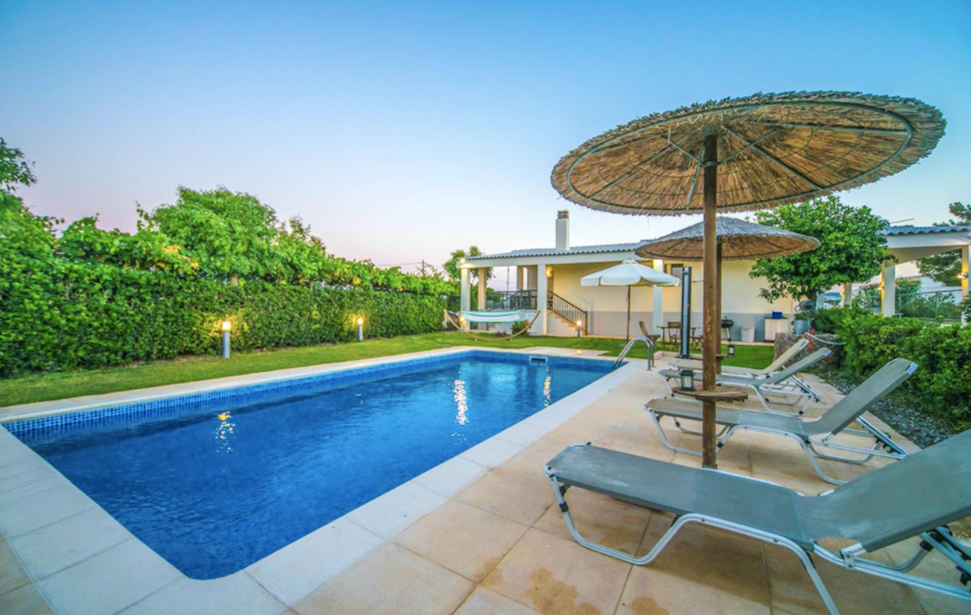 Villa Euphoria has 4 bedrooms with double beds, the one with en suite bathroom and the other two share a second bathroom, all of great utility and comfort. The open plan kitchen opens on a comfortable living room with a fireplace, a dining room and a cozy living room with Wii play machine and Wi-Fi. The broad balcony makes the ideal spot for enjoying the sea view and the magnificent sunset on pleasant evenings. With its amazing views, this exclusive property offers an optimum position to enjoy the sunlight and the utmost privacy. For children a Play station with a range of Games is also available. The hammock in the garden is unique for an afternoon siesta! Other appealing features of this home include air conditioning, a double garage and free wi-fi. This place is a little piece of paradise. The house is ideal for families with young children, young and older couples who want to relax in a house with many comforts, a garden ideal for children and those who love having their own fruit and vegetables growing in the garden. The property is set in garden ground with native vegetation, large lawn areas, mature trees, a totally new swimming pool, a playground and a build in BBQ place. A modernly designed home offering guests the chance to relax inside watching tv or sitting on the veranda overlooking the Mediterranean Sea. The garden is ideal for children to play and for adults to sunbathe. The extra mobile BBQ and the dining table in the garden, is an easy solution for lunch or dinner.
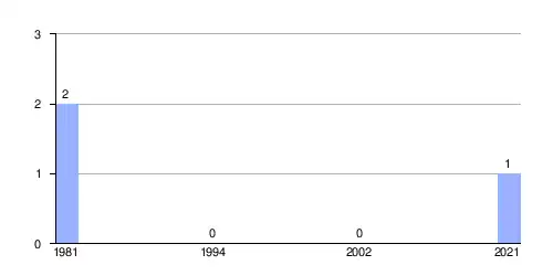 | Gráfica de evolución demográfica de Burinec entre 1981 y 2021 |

* * * * * * *

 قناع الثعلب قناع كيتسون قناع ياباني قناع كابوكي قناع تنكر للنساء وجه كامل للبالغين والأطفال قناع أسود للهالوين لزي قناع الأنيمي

* * * * * * *

Task goal: Without the pictures, set down the lines above from the line with "Villa Euphoria has" up to and including the line with "1981 y 2021 |" exactly as they stand.

Output of the exercise:
 Villa Euphoria has 4 bedrooms with double beds, the one with en suite bathroom and the other two share a second bathroom, all of great utility and comfort. The open plan kitchen opens on a comfortable living room with a fireplace, a dining room and a cozy living room with Wii play machine and Wi-Fi. The broad balcony makes the ideal spot for enjoying the sea view and the magnificent sunset on pleasant evenings. With its amazing views, this exclusive property offers an optimum position to enjoy the sunlight and the utmost privacy. For children a Play station with a range of Games is also available. The hammock in the garden is unique for an afternoon siesta! Other appealing features of this home include air conditioning, a double garage and free wi-fi. This place is a little piece of paradise. The house is ideal for families with young children, young and older couples who want to relax in a house with many comforts, a garden ideal for children and those who love having their own fruit and vegetables growing in the garden. The property is set in garden ground with native vegetation, large lawn areas, mature trees, a totally new swimming pool, a playground and a build in BBQ place. A modernly designed home offering guests the chance to relax inside watching tv or sitting on the veranda overlooking the Mediterranean Sea. The garden is ideal for children to play and for adults to sunbathe. The extra mobile BBQ and the dining table in the garden, is an easy solution for lunch or dinner.
 | Gráfica de evolución demográfica de Burinec entre 1981 y 2021 |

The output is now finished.